The Government wants to support all young people to be happy, healthy and safe and has introduced compulsory health education in all primary and secondary state funded schools. The focus of health education is on teaching the characteristics of good physical health and mental wellbeing. The Department has published a package of support to help all teachers increase their confidence and quality of teaching, including in relation to teaching health and prevention and physical health and fitness. The support is available on a one stop page for teachers on GOV.UK and includes access to training delivered through regional Teaching School networks: https://www.gov.uk/guidance/teaching-about-relationships-sex-and-health.


Written Question
Air Pollution: Curriculum
25 Nov 2020

Questioner: Barry Sheerman (LAB - Huddersfield)

Question

To ask the Secretary of State for Environment, Food and Rural Affairs, what discussions he has had with the Secretary of State for Education on the incorporation of air quality within the national curriculum.

Answered by Rebecca Pow

Air pollution poses the biggest environmental threat to public health and improving air quality remains a top priority for the Government. In delivering against our challenging air quality commitments, we regularly hold discussions with Ministers and officials across Government departments, including the Department for Education. We have had no specific discussions on the incorporation of air quality within the national curriculum.

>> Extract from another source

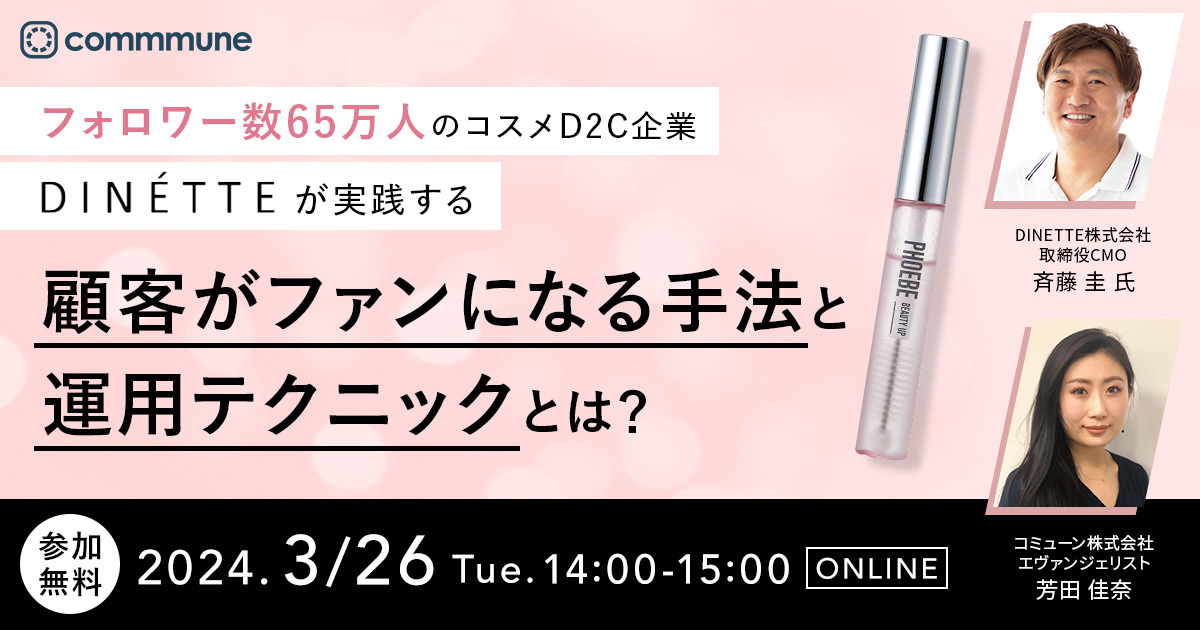 本セミナーでは、フォロワー総数65万人超のコスメD2C企業であるDINETTE株式会社より取締役CMO斉藤圭氏をお招きし、「顧客起点」で考える重要性からレッドオーシャンである美容市場においてファンを育成するために必要なコミュニケーション手法について余すことなく語っていただきます。セミナーの最後には質疑応答の時間を設けていますので、ファンマーケティングだけでなく、ブランディング・OMO施策等幅広い知見をもつ斉藤氏にお悩みを相談していただくことも可能です。

Defra's Air Quality Grant Scheme has provided funding to local authorities to undertake projects focused on schools. Last year's scheme awarded nearly £500,000 to Blaby District Council, East Sussex County Council, Sheffield City Region Mayoral Combined Authority and Wokingham Borough Council to undertake education and awareness projects in schools to encourage behaviour change such as active travel.


Written Question
Schools: Air Pollution
17 Nov 2020

Questioner: Baroness Randerson (LDEM - Life peer)

Question

To ask Her Majesty's Government whether schools are encouraged to develop individual clean air plans; and if so, how they incentivise the development of such plans.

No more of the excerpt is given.